They triumphed over him by the blood of the Lamb and by the word of their testimony; they did not love their lives so much as to shrink from death. – Revelation 12:11.

By way of encouragement, I would like to devote Tuesdays to classic testimonies which have brought great blessing and glory to our Lord and Savior, Jesus Christ. These are of men and women, who have faithfully served for the Kingdom of God. My prayer is that you will be blessed, encouraged, and inspired by these testimonies as I was. Enjoy…

With “toiling beasts and bulging baggage,” laden with hundreds of Bibles, books and tracts in local languages, nine months later at the edge of the vast expanse of nothingness that was the vast and perilous Gobi, Mildred was asked by the young city-gate keeper: “Must you go into the Gobi?” “Yes.” They quietly replied. “We must. For we seek the lost, and some of them are out there.”

By the end of the decade, their decision to go had been vindicated. The country was ablaze with forest fires of revolt. Descent into anarchy, brutal civil war and feudal warlord-rule, closed all doors to the Gospel. But by that time, after 15 years of crisscrossing the most inhospitable desert known to man in a donkey cart, thousands had heard the gospel who would never again have a chance to hear it from human lips.

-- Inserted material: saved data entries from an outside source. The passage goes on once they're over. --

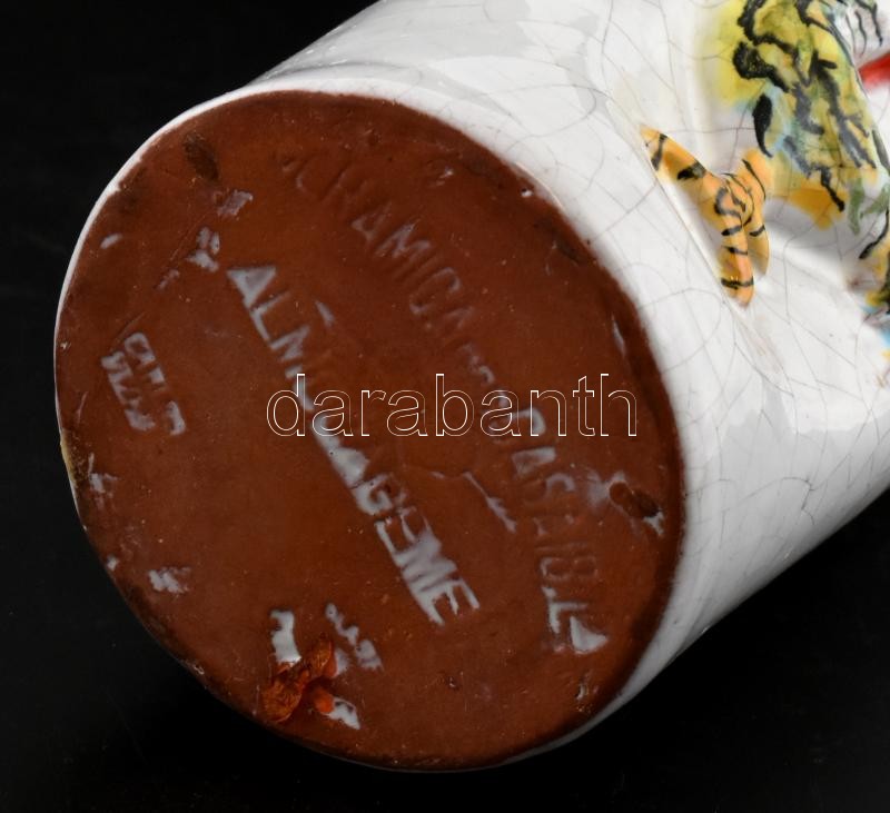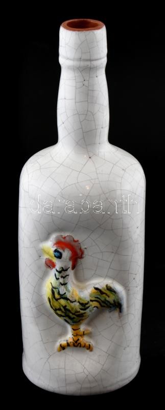 Leírás: Kakasos kerámia palack, repesztett mázas, kézzel festett, jelzett, m: 28 cm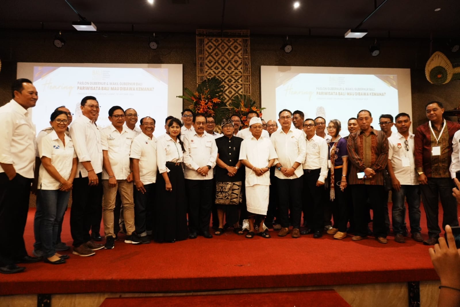 Hearing Pariwisata Bali Mau dibawa kemana diikuti Paslon nomor 1 Mulia Pas (Made Muliawan Arya dan Putu Agus Suratnyana) dan Paslon Cagub Bali nomor 2 Wayan Koster dan Giri Prasta (Koster-Giri). (*/red)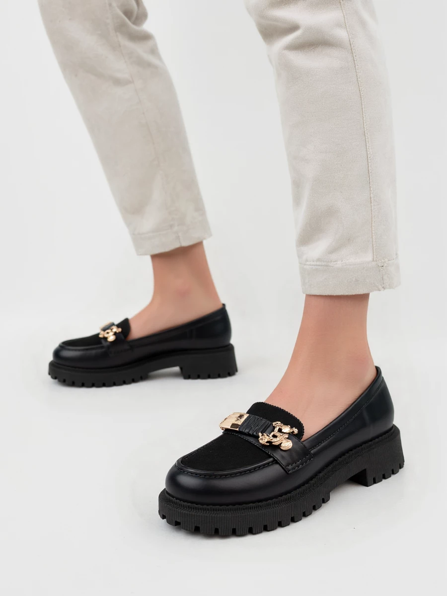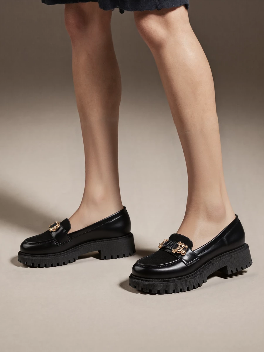 Eleganckie mokasyny Elegante Czarne idealnie nadają się na różnorodne okazje, od formalnych spotkań po casualowe wyjścia. Wyróżniają się klasycznym designem z dodatkiem nowoczesnej, masywnej podeszwy, która zapewnia stabilność i komfort użytkowania. Ozdobna klamra dodaje charakteru, a wysokiej jakości skóra zapewnia trwałość i łatwość w utrzymaniu.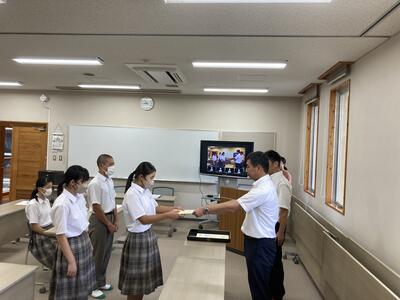 夏休み中に頑張った結果を表彰しました。部活動の県大会での活躍について表彰がありました。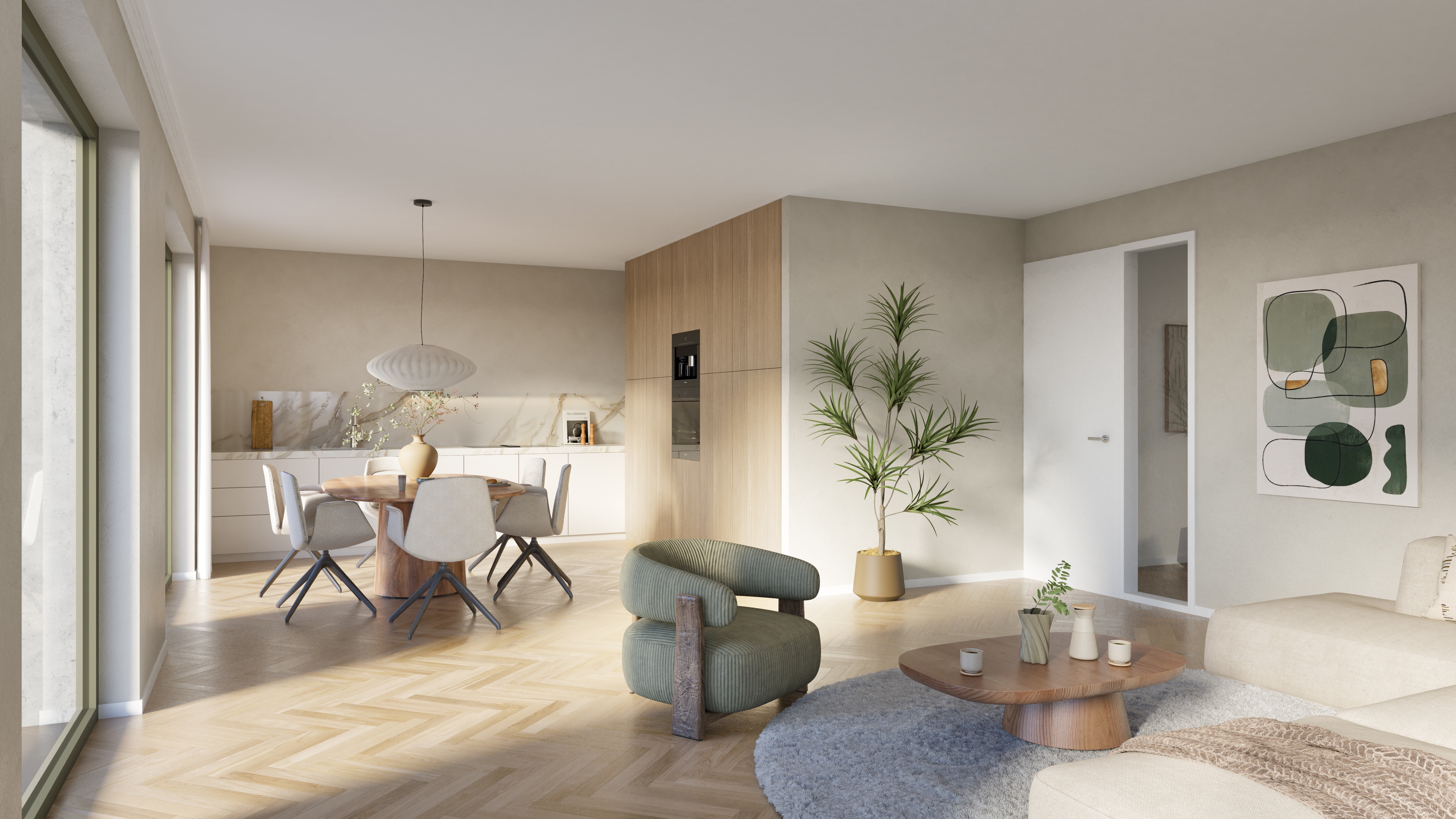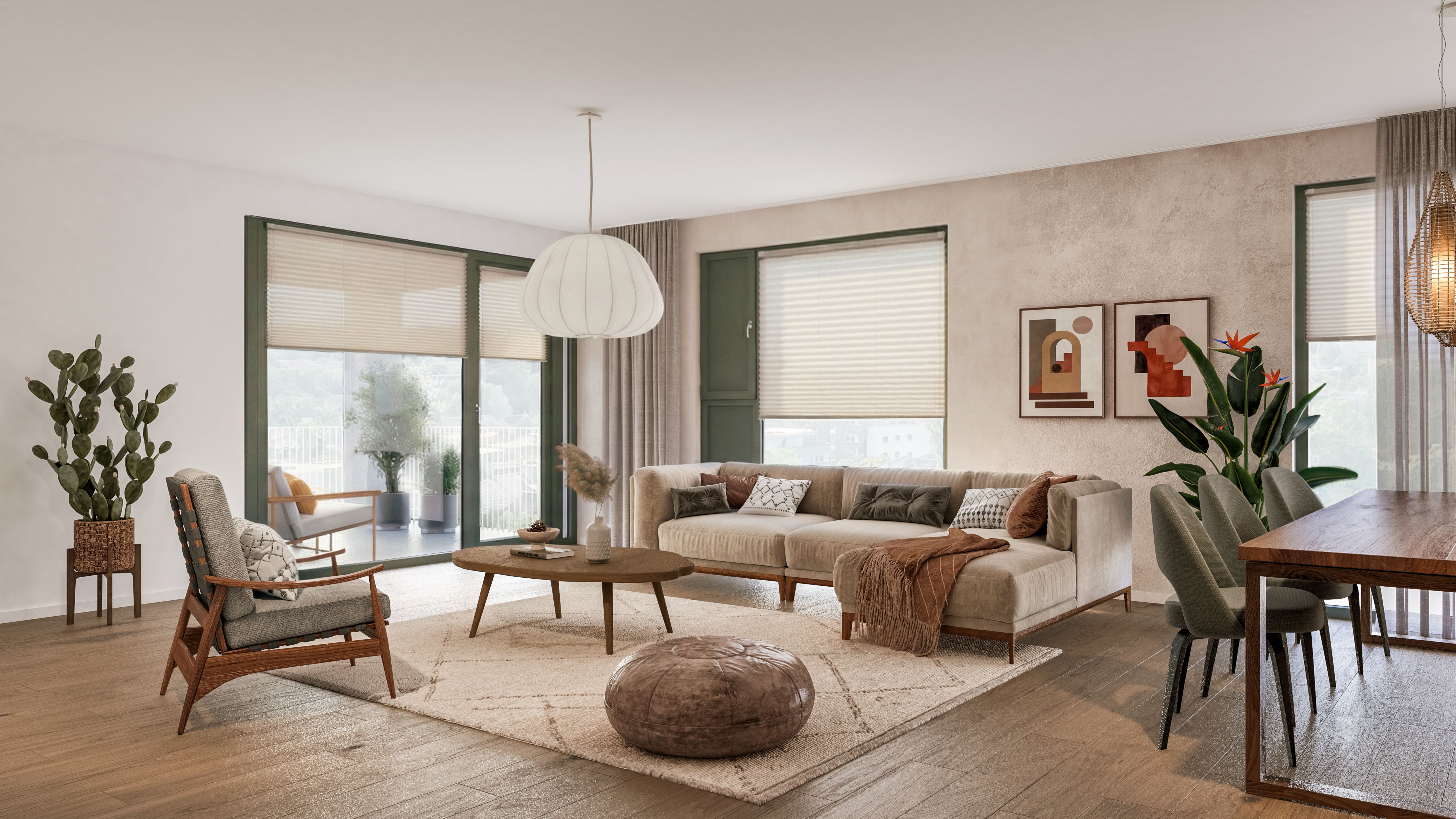 De gezinswoningen bieden ruime en lichte leefruimtes met een praktische indeling, ideaal voor comfortabel wonen met het hele gezin.

“Only a fool crosses the great Gobi without misgivings,”
she was to write later. But with every painstaking step she took she was to see parables for life … a life that embraced the message she had come to bring. “In this trackless waste, where every restriction is removed and where you are beckoned and lured in all directions …. one narrow way is the only road for you. In the great and terrible wilderness, push on with eyes blinded to the deluding mirage, your ears deaf to the call of the seducer, and your mind un-diverted from the goal,” she urged the reader while writing of the Gobi Desert.

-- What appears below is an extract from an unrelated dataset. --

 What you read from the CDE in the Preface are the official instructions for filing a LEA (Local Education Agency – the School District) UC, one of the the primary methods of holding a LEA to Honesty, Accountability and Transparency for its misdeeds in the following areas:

The vast network of trade routes crisscrossing the area to spread gossip and political intrigue, captured Mildred’s imagination. In her mind’s eye she saw trade routes “captured for Him.”

From their first base in Suchow, the City of prodigals, she wanted to see the Good News catapulted out to every untouched crevice of this remote land. “With such a glamorous task ahead,” wrote Mildred later, what mattered torrid heat, revolting flies and the accumulations of stinking oasis filth? For them, the “terms of service” for the master included not only suffering, but deep joy.
“For Christ’s sake it is worth it a thousand times over.”

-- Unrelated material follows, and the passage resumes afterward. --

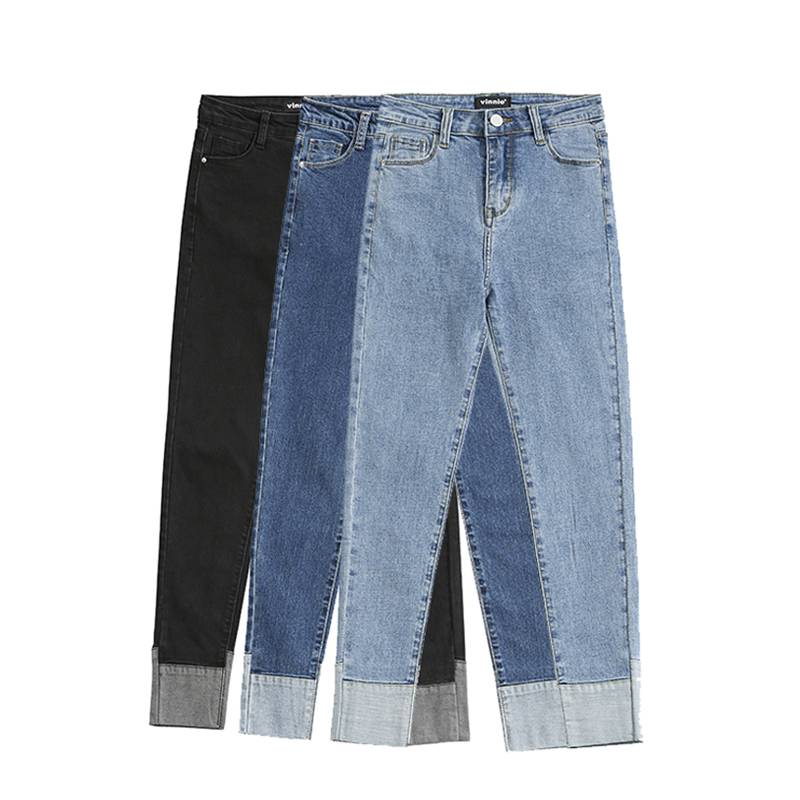 紧身牛仔裤女春秋2018新款韩版显瘦高腰撞色拼接九分小脚铅笔裤子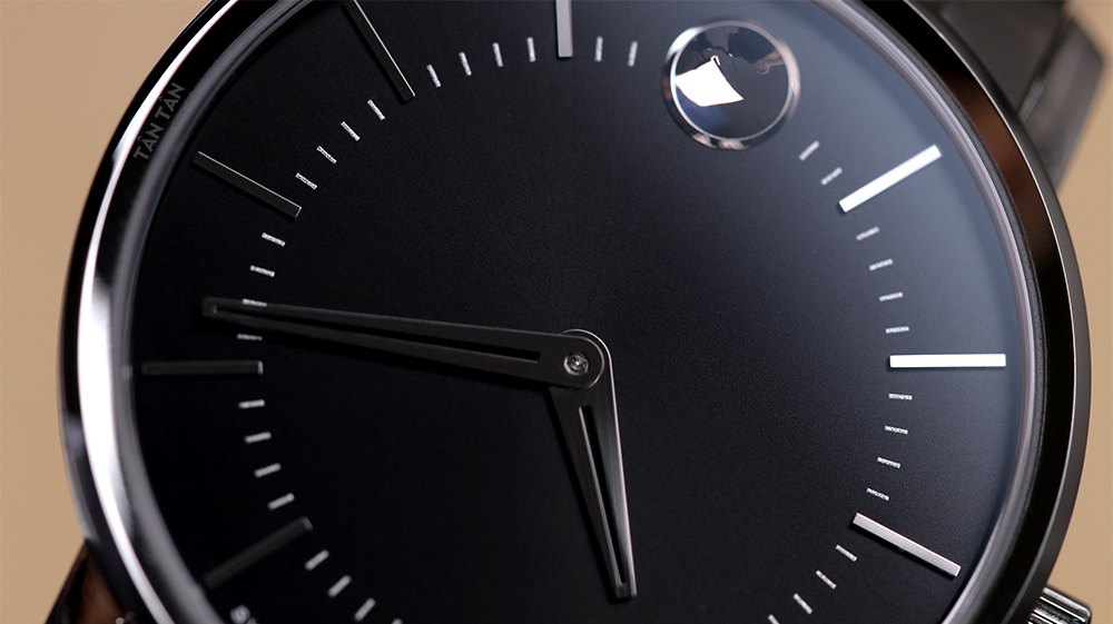2. Mặt số đen tuyền thu hút với các chi tiết hài hòa đậm chất Movado

Mildred and her companions were uniquely placed to reach Chinese women whose homes and heartaches had been barred to male missionaries. Traveling slowly they stayed in filthy inns and caves, frequented by opium addicts. They made a point of visiting the lonely, the rejected and the poorest of the poor, feeding orphans, healing the sick, and educating girls. Given haunted houses to live in, because no-one wanted to host the “foreign devils,” their children’s meetings attracted suspicious mothers, who wooed by the message of love found their prejudices melting as they “crept out at dusk to join the throng.”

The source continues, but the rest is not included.